The structure is simple, still a few interesting points are touched.

Client

Given io, the app ASIO io_context, and the server hostname as a string, the client tries this block, and eventually just output to console an exception.
namespace ba = boost::asio;
using ba::ip::tcp;
// ...

tcp::socket socket{ io };  // 1
tcp::resolver resolver{ io };
ba::connect(socket, resolver.resolve(host, ECHO_PORT_STR));  // 2

// ...
ba::write(socket, ba::buffer(request, reqLen));  // 3

char reply[CLIENT_MAX_LEN];  // 4
size_t repLen = ba::read(socket, ba::buffer(reply, reqLen));  // 4
// ...
1. Create an ASIO TCP socket and a resolver on the current io_context.
2. Then resolve() the resolver on the host and port of the echo server (in my case, localhost:50014), and use the resulting endpoints to estabilish a connection on the socket.
3. If the connection holds, write to the socket the data we previously put in the char buffer named request, for a size of reqLen.
4. We reserve a confidently large buffer where to store the server reply. Since we are writing a echo application, we know that the size of the data we are about to get from the client should be the same of the size we have just sent. This simplify our code to the point that we can do a single read for the complete data block.
5. Use the socket for reading from the server. We use the buffer, and the size of the data we sent, for what said on (4).
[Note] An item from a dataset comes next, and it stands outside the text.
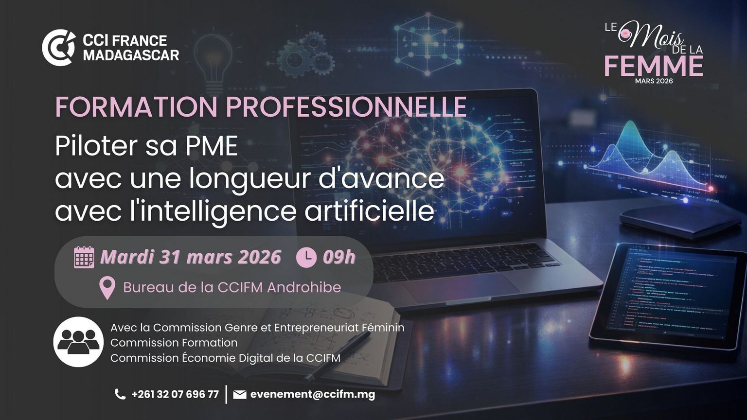 Avec la Commission Genre et Entrepreneuriat Féminin, la Commission Formation et la Commission Économie Digitale de la CCIFM

At this point we could do whatever we want with the data we read in reply with size repLen.

Server loop

Once we create an acceptor on the ASIO io_context, specifying as endpoint the IP protocol we want (here I used version 4) and the port number, we loop forever, creating a new socket through a call to accept() on the acceptor each time a request comes from a client, passing it to the session() function that is going to run in a new thread.
tcp::acceptor acceptor{ io, tcp::endpoint(tcp::v4(), ECHO_PORT) };

for (;;)
{
 std::thread(session, acceptor.accept()).detach();
}
Notice that each thread created in the loop survives the exiting of the block only because it is detached. This is both handy and frightening. In production code, I would probably push them in a collection instead, so that I could explicitly kill anyone that would stop behave properly.

Server session

Since we don't know the size of the data sent by the client, we should be ready to split it and read it in chunks.
for (;;)
{
 char data[SERVER_MAX_LEN];  // 1

 bs::error_code error;
 size_t len = socket.read_some(ba::buffer(data), error);  // 2
 if (error == ba::error::eof)
 {
  return;
 }
 else if (error)
 {
  throw bs::system_error(error);
 }

 ba::write(socket, ba::buffer(data, len)); // 3
}
1. To better see the effect, I have chosen a ridiculously small size for the server data buffer.
2. The data coming from the client is split in chunks from read_some() on the socket created by the acceptor. When the read is completed, read_some() sets the passed boost system error to eof error. When we detect it, we know that we could terminate the session. Any other error says that the something went wrong.
3. If read_some() set no error, we use the current chunk of data to do what the server should do. In this case, we just echo it back to the client.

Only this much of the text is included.